As many
of you know, last week, President Obama’s administration struck down the 1996
Defense of Marriage Act (DOMA), which barred any federal recognition of
same-sex marriage. While President Obama
has always insisted (and continues to insist) that he favors only civil unions for homosexual couples, with the support of
Attorney General Eric Holder, the president’s administration has deemed DOMA unconstitutional.
Citing
the popularly touted reason that DOMA unfairly discriminates against homosexuals,
Holder described the administration’s decision as ‘appropriate, and unique, but
not unprecedented’.
However,
the language of Holder’s opinion on DOMA I think reveals a misunderstanding
concerning the reasons it was originally passed; reasons that show it is a
legitimate and ultimately constitutional legislation. The traditionalist’s
stance against gay marriage has been once concerned with an understanding and a
protection of the nature of marriage, as outlined and explicated in a great deal of articles and papers. A summary of the defense of
traditional marriage isn’t necessary here; what is crucial is that this defense does not choose to discriminate against a
certain group of people.

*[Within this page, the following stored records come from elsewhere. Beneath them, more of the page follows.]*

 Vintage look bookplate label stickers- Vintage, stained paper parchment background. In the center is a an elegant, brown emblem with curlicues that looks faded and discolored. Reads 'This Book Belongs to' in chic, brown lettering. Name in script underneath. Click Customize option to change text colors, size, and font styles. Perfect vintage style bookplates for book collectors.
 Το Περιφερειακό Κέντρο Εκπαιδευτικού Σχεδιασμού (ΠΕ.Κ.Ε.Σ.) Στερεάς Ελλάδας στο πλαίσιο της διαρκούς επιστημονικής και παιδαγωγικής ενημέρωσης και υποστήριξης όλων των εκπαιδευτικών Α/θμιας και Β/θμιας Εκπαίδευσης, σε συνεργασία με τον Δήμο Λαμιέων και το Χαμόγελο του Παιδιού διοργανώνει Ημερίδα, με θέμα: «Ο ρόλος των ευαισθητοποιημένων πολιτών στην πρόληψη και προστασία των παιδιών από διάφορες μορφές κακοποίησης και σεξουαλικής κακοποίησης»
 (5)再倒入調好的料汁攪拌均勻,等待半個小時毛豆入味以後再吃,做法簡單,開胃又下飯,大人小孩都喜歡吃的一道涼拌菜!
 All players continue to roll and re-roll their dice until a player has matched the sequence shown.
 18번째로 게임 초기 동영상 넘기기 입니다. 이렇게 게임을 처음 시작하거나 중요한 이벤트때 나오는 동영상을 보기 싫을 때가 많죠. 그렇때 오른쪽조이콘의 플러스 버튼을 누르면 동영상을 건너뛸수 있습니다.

Unlike discriminatory laws and attitudes such as the
ones that prevented African-Americans and women from being able to vote and
participate in the public forum, laws that defend traditional marriage seek to
arrive at the essence of What Marriage Is.
Just as
any just law rules against certain actions (people who steal are sent to jail)

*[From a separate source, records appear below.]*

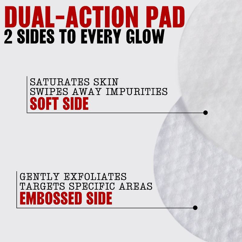 - DUAL ACTION PAD Dual sided pads featuring a smooth side, to swipe away impurities, and embossed side for a gentle exfoliation.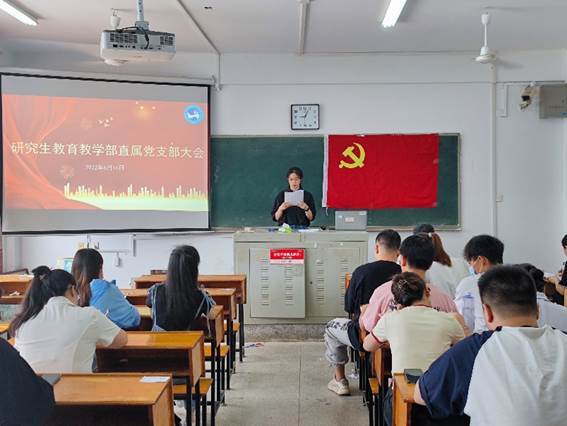 2022年6月16日,研究生教育教学部直属党支部在致远楼411召开了“2022年第四次党员大会”,会议由研究生教育教学部直属党支部书记彭健民主持,全体党员参加。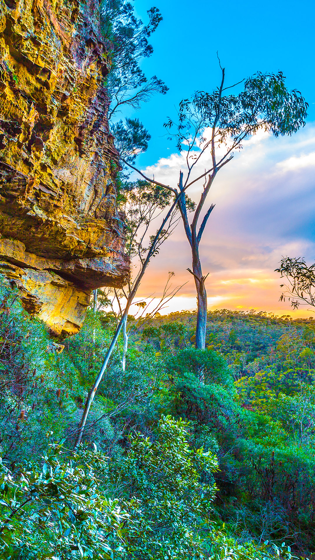 Description: A tree in the middle of a forest with a cliff in the background at sunset or dawn with a colorful sky.
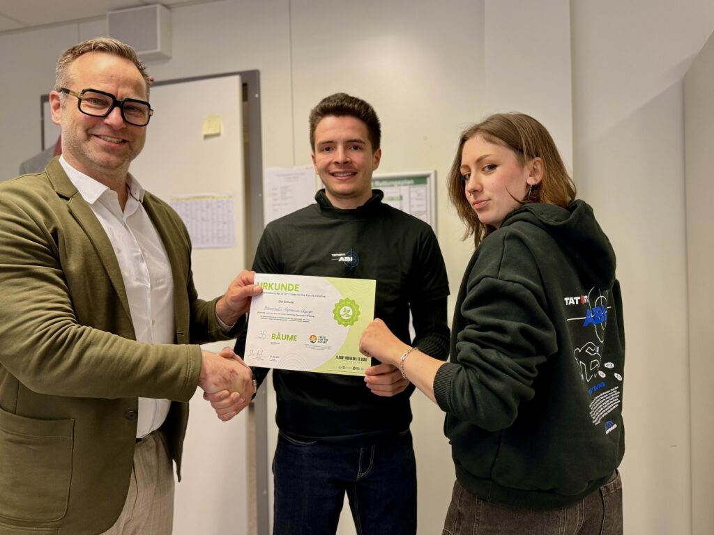 Mit besonderem Stolz blickt unsere Schule auf das Engagement der diesjährigen Abiturientinnen und Abiturienten bei der Gestaltung ihrer Abi-Shirts. Bei der Produktion wurde bewusst auf Nachhaltigkeit geachtet – ein Anliegen, das hervorragend zu unserem schulischen Leitbild passt. Emanuel und Alissa stellten die Shirts kürzlich der Schulleitung vor und überreichten Schulleiter John Ahlskog eine Urkunde, welche […]

and not against certain people (we don’t punish people who are born with a
natural inclination towards theft), so does DOMA rule against actions and not
people. As such, it does not discriminate against homosexuals at all. I feel that this is what
Holder and the Obama administration miss when they describe DOMA as
discriminatory. Rather, DOMA takes a rigorously defined understanding of
marriage and restricts the federal government from challenging this definition.